Legal Considerations

Several Canadian corporate statutes and doctrines shape how shareholder agreements operate.

This template is for informational purposes only and does not constitute legal advice. Consult a qualified lawyer in your province for advice specific to your situation.

Reviewed for Canadian law

Unanimous Shareholder Agreements (USAs)

Both section 108 of the Business Corporations Act, R.S.O. 1990, c.
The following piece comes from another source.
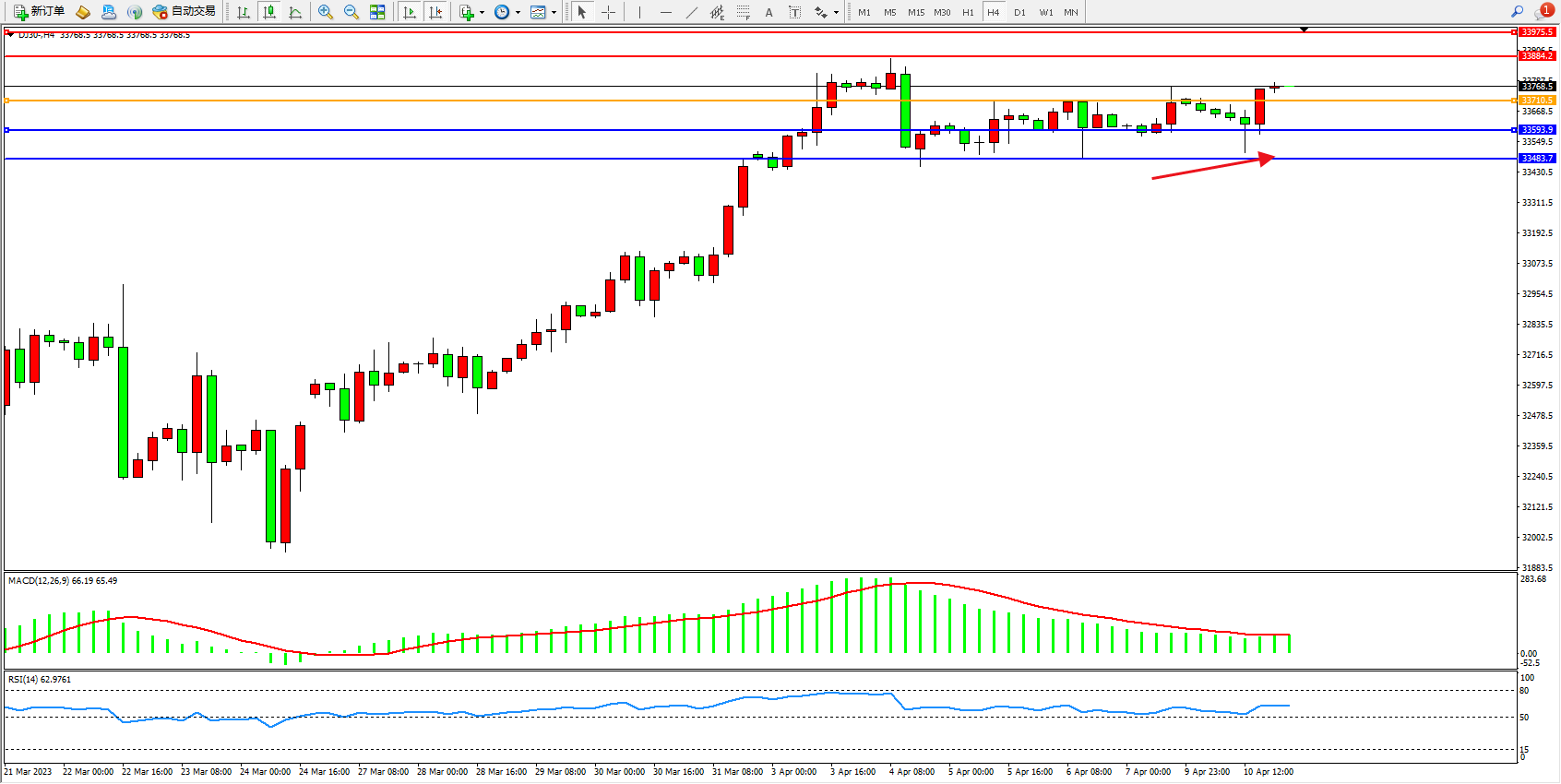 道琼斯指数4月10日(周一)收盘上涨100.64点,涨幅0.30%,报33585.93点;市场参与者似乎相信,美联储将在今年下半年降息,而近期美国宏观经济数据助长了这种预期,这些数据一直指向经济增长放缓。

B.16 (OBCA), and section 146 of the Canada Business Corporations Act, R.S.C. 1985, c. C-44 (CBCA), authorize a unanimous shareholder agreement signed by all shareholders. A USA can restrict, in whole or in part, the powers of the directors to manage the business and affairs of the corporation, shifting those powers to shareholders who then assume the corresponding duties and liabilities.

Oppression Remedy

Section 248 of the OBCA and section 241 of the CBCA provide an oppression remedy to shareholders whose reasonable expectations have been unfairly disregarded or prejudiced. Courts have broad discretion to order remedies, including buyouts, share issuances, and winding up. A clear shareholder agreement helps define those reasonable expectations and can reduce the scope for oppression claims.

Directors’ Fiduciary Duties

Section 134 of the OBCA and section 122 of the CBCA require directors to act honestly and in good faith with a view to the best interests of the corporation, and to exercise the care, diligence, and skill of a reasonably prudent person. In Peoples Department Stores Inc. (Trustee of) v. Wise, 2004 SCC 68, and BCE Inc. v. 1976 Debentureholders, 2008 SCC 69, the Supreme Court of Canada confirmed that the duty is owed to the corporation itself, not directly to shareholders or creditors.

Share Transfer Restrictions and Securities Laws

Private Canadian corporations typically restrict share transfers in their articles and shareholder agreement. Any issuance or transfer of shares must also comply with applicable securities laws, including the private issuer exemption under National Instrument 45-106. The shareholder agreement should be consistent with the articles, by-laws, and applicable securities prospectus exemptions.